**WORK TASK:** The whole listing below is to be copied exactly, with every picture left out.

- - - - -

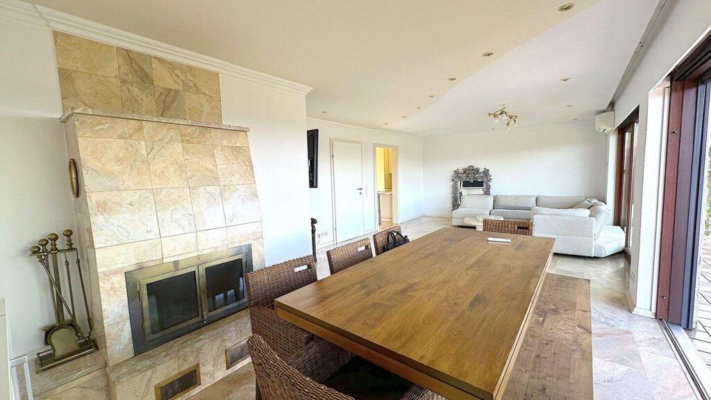 Lichtdurchflutetes Wohnzimmer mit Kamin, Klimaanlage und direktem Zugang zur oberen Terrasse mit traumhaftem Blick ins Grüne
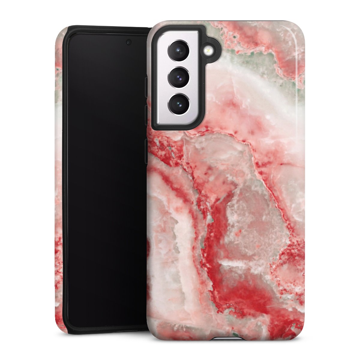 Product details Our most protective phone case combines the advantages of the Silicone and Premium Case: the flexible silicone core on the inside offers an extra shockabsorbing layer, protecting reliably against damages from dropping your phone. The longlasting, polycarbonate hard shell ensures additional stability and a brilliant print result. The surface of the 2,6 mm strong case feels smooth offering a comfortable grip. The case is available with a matt and glossy finish.
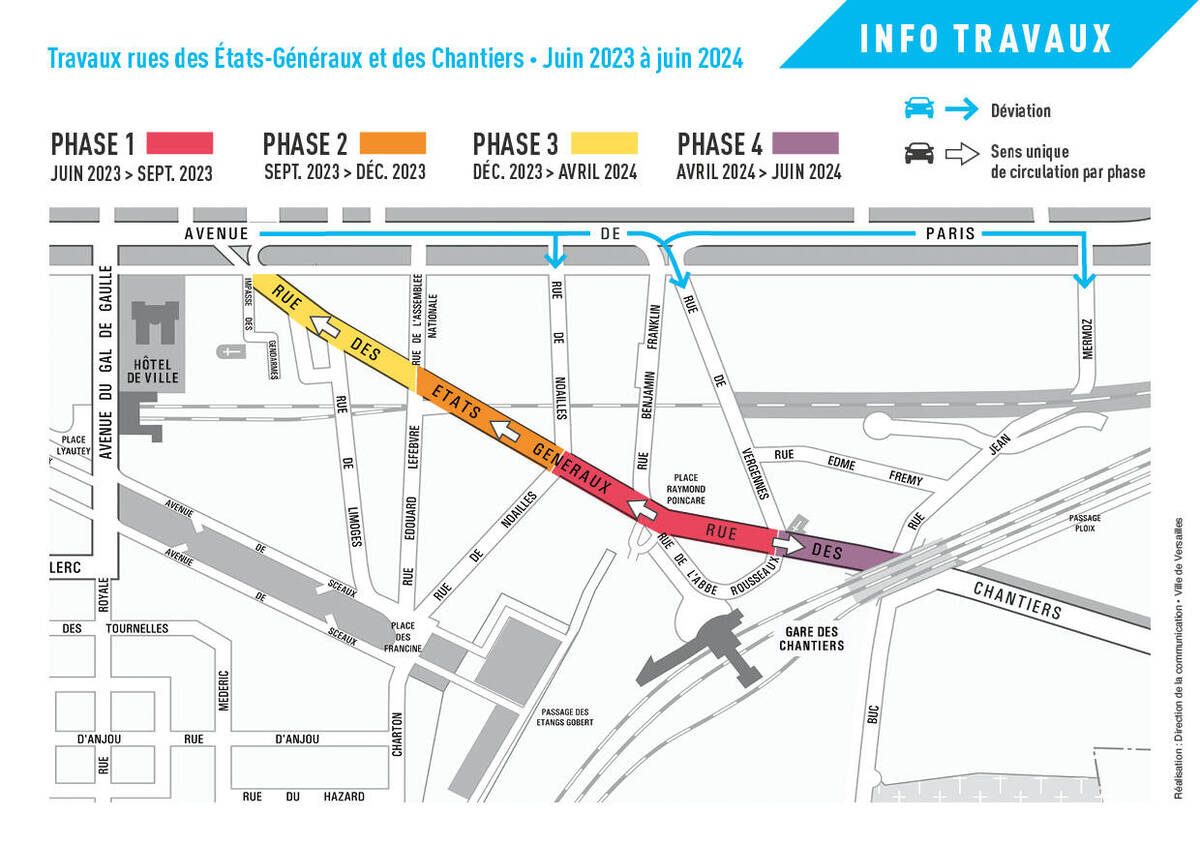 L'apaisement et la végétalisation des rues des États-Généraux et des Chantiers (jusqu’au pont du 8 mai 1945) est terminé. Cet axe majeur entre la gare des Chantiers et le centre historique de Versailles est entièrement réaménagé. Les délais ont été respectés pour les riverains, les commerçants et l'accueil des touristes durant les Jeux Olympiques. Une inauguration aura lieu en septembre.
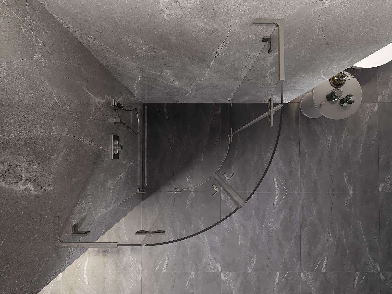 Mexen Lunar L cabine de douche semi-circulaire pivotante 100 x 100 cm, transparente, nickel brossé - 833L-100L-100P-97-00
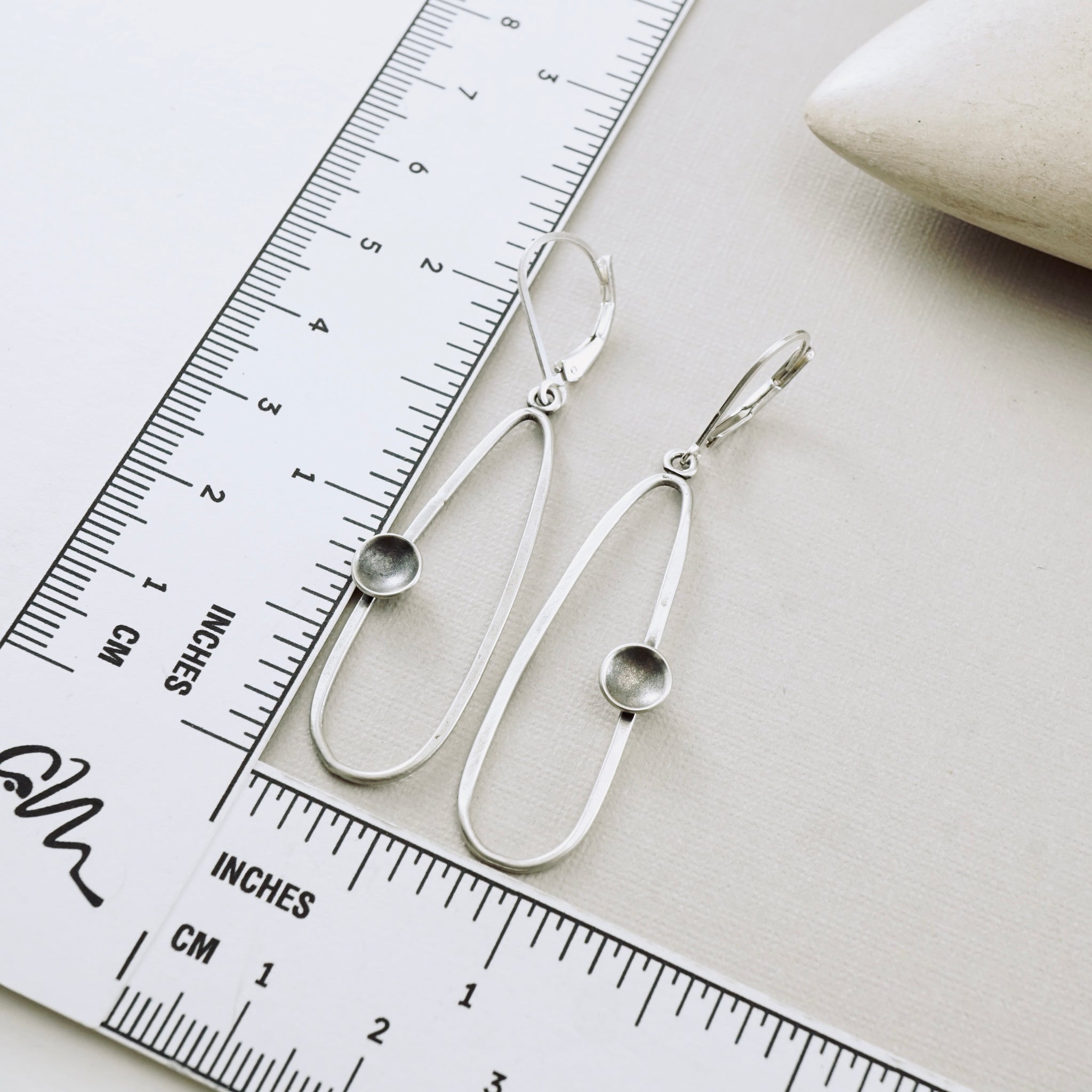 Graceful and refined, these hand-forged Sterling Silver earrings feature elongated loops with softly domed pods that catch the light just right. The lever back ear wires add a secure, polished touch while keeping them comfortable and easy to wear all day.
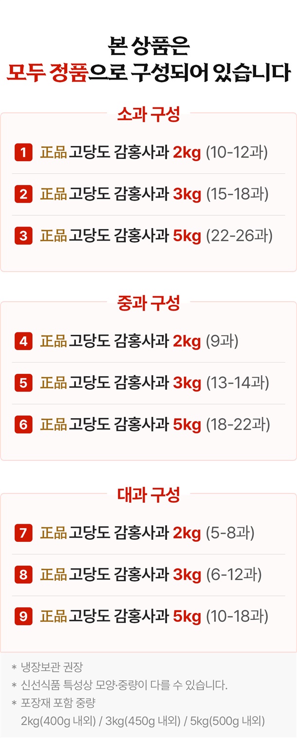 (소과/중과/대과) 2kg, 3kg, 5kg (*각 포장재 400g, 450g, 500g 내외 포함 중량) |
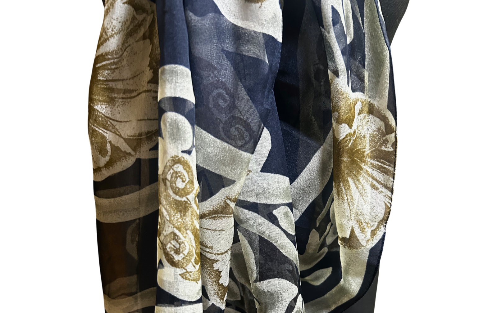 Wunderschöner Damen Schal Blau Beige Muster Elegant Leicht Poly 180 x 80 cm
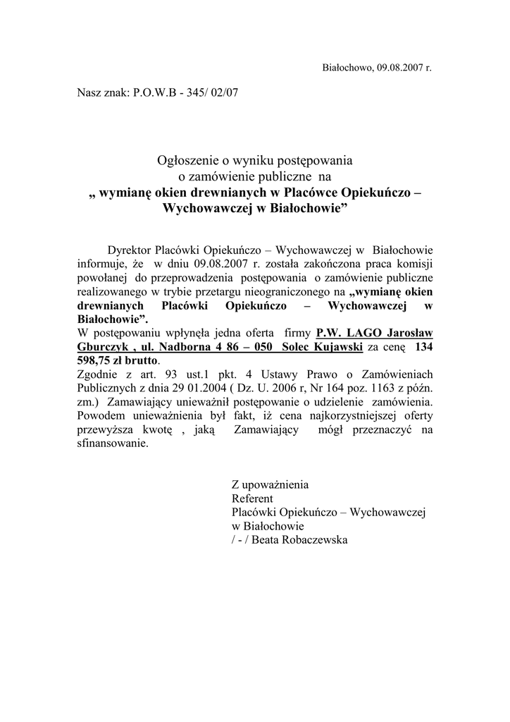 Białochowo, 09.08.2007 r. Nasz znak: P.O.W.B - 345/ 02/07 Ogłoszenie o wyniku postępowania o zamówienie publiczne na „ wymianę okien drewnianych w Placówce Opiekuńczo – Wychowawczej w Białochowie” Dyrektor Placówki Opiekuńczo – Wychowawczej w Białochowie informuje, Ŝe w dniu 09.08.2007 r. została zakończona praca komisji powołanej do przeprowadzenia postępowania o zamówienie publiczne realizowanego w trybie przetargu nieograniczonego na „wymianę okien drewnianych Placówki Opiekuńczo – Wychowawczej w Białochowie”. W postępowaniu wpłynęła jedna oferta firmy P.W. LAGO Jarosław Gburczyk , ul. Nadborna 4 86 – 050 Solec Kujawski za cenę 134 598,75 zł brutto. Zgodnie z art. 93 ust.1 pkt. 4 Ustawy Prawo o Zamówieniach Publicznych z dnia 29 01.2004 ( Dz. U. 2006 r, Nr 164 poz. 1163 z późn. zm.) Zamawiający uniewaŜnił postępowanie o udzielenie zamówienia. Powodem uniewaŜnienia był fakt, iŜ cena najkorzystniejszej oferty przewyŜsza kwotę , jaką Zamawiający mógł przeznaczyć na sfinansowanie. Z upowaŜnienia Referent Placówki Opiekuńczo – Wychowawczej w Białochowie / - / Beata Robaczewska
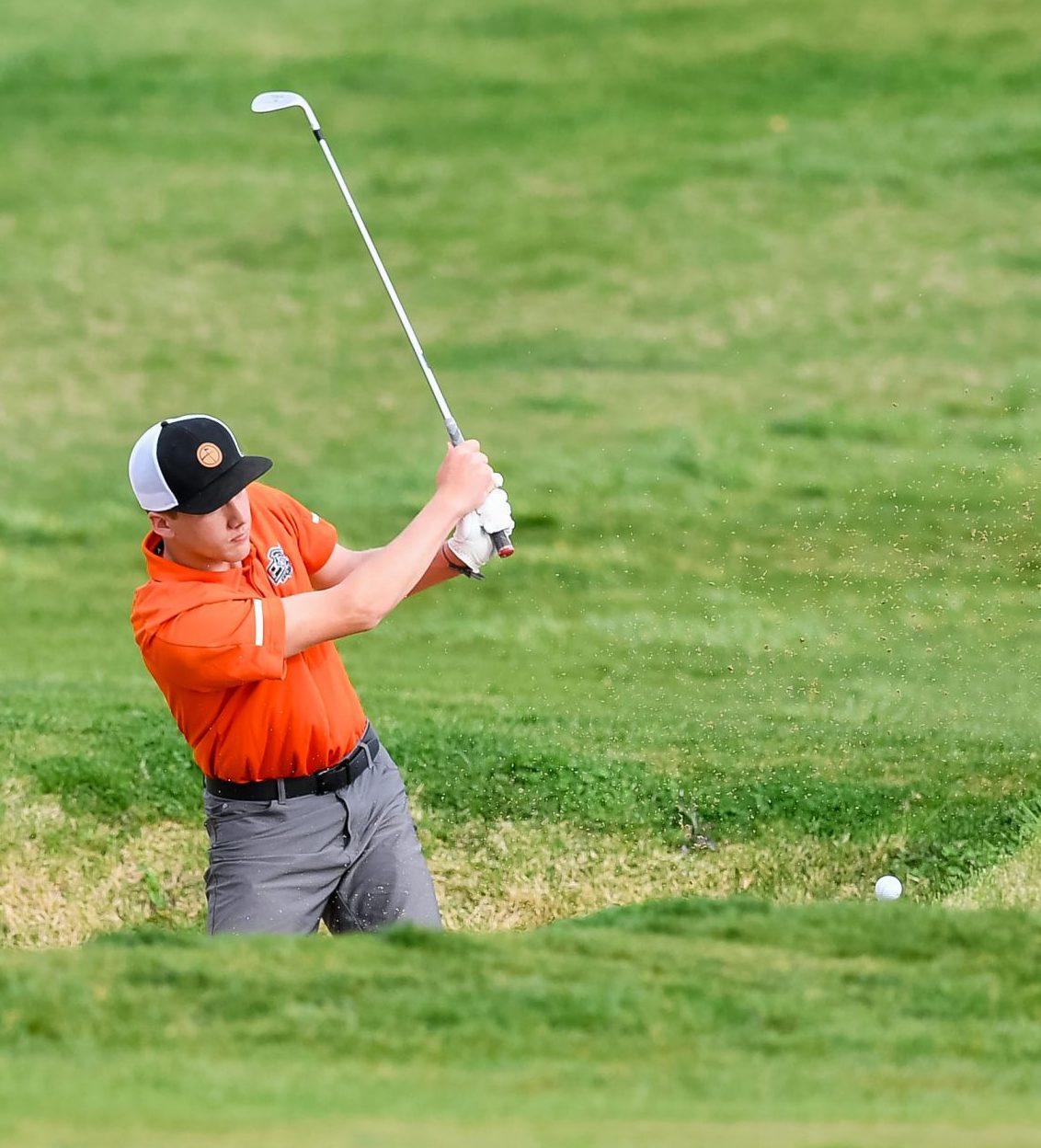 Platte County sophomore Parker Amos hits a bunker shot during the Highway 92 Showdown last week at Paradise Pointe Golf Complex in Smithville.

- - - - -

**TASK SOLUTION:**
 Lichtdurchflutetes Wohnzimmer mit Kamin, Klimaanlage und direktem Zugang zur oberen Terrasse mit traumhaftem Blick ins Grüne
 Product details Our most protective phone case combines the advantages of the Silicone and Premium Case: the flexible silicone core on the inside offers an extra shockabsorbing layer, protecting reliably against damages from dropping your phone. The longlasting, polycarbonate hard shell ensures additional stability and a brilliant print result. The surface of the 2,6 mm strong case feels smooth offering a comfortable grip. The case is available with a matt and glossy finish.
 L'apaisement et la végétalisation des rues des États-Généraux et des Chantiers (jusqu’au pont du 8 mai 1945) est terminé. Cet axe majeur entre la gare des Chantiers et le centre historique de Versailles est entièrement réaménagé. Les délais ont été respectés pour les riverains, les commerçants et l'accueil des touristes durant les Jeux Olympiques. Une inauguration aura lieu en septembre.
 Mexen Lunar L cabine de douche semi-circulaire pivotante 100 x 100 cm, transparente, nickel brossé - 833L-100L-100P-97-00
 Graceful and refined, these hand-forged Sterling Silver earrings feature elongated loops with softly domed pods that catch the light just right. The lever back ear wires add a secure, polished touch while keeping them comfortable and easy to wear all day.
 (소과/중과/대과) 2kg, 3kg, 5kg (*각 포장재 400g, 450g, 500g 내외 포함 중량) |
 Wunderschöner Damen Schal Blau Beige Muster Elegant Leicht Poly 180 x 80 cm
 Białochowo, 09.08.2007 r. Nasz znak: P.O.W.B - 345/ 02/07 Ogłoszenie o wyniku postępowania o zamówienie publiczne na „ wymianę okien drewnianych w Placówce Opiekuńczo – Wychowawczej w Białochowie” Dyrektor Placówki Opiekuńczo – Wychowawczej w Białochowie informuje, Ŝe w dniu 09.08.2007 r. została zakończona praca komisji powołanej do przeprowadzenia postępowania o zamówienie publiczne realizowanego w trybie przetargu nieograniczonego na „wymianę okien drewnianych Placówki Opiekuńczo – Wychowawczej w Białochowie”. W postępowaniu wpłynęła jedna oferta firmy P.W. LAGO Jarosław Gburczyk , ul. Nadborna 4 86 – 050 Solec Kujawski za cenę 134 598,75 zł brutto. Zgodnie z art. 93 ust.1 pkt. 4 Ustawy Prawo o Zamówieniach Publicznych z dnia 29 01.2004 ( Dz. U. 2006 r, Nr 164 poz. 1163 z późn. zm.) Zamawiający uniewaŜnił postępowanie o udzielenie zamówienia. Powodem uniewaŜnienia był fakt, iŜ cena najkorzystniejszej oferty przewyŜsza kwotę , jaką Zamawiający mógł przeznaczyć na sfinansowanie. Z upowaŜnienia Referent Placówki Opiekuńczo – Wychowawczej w Białochowie / - / Beata Robaczewska
 Platte County sophomore Parker Amos hits a bunker shot during the Highway 92 Showdown last week at Paradise Pointe Golf Complex in Smithville.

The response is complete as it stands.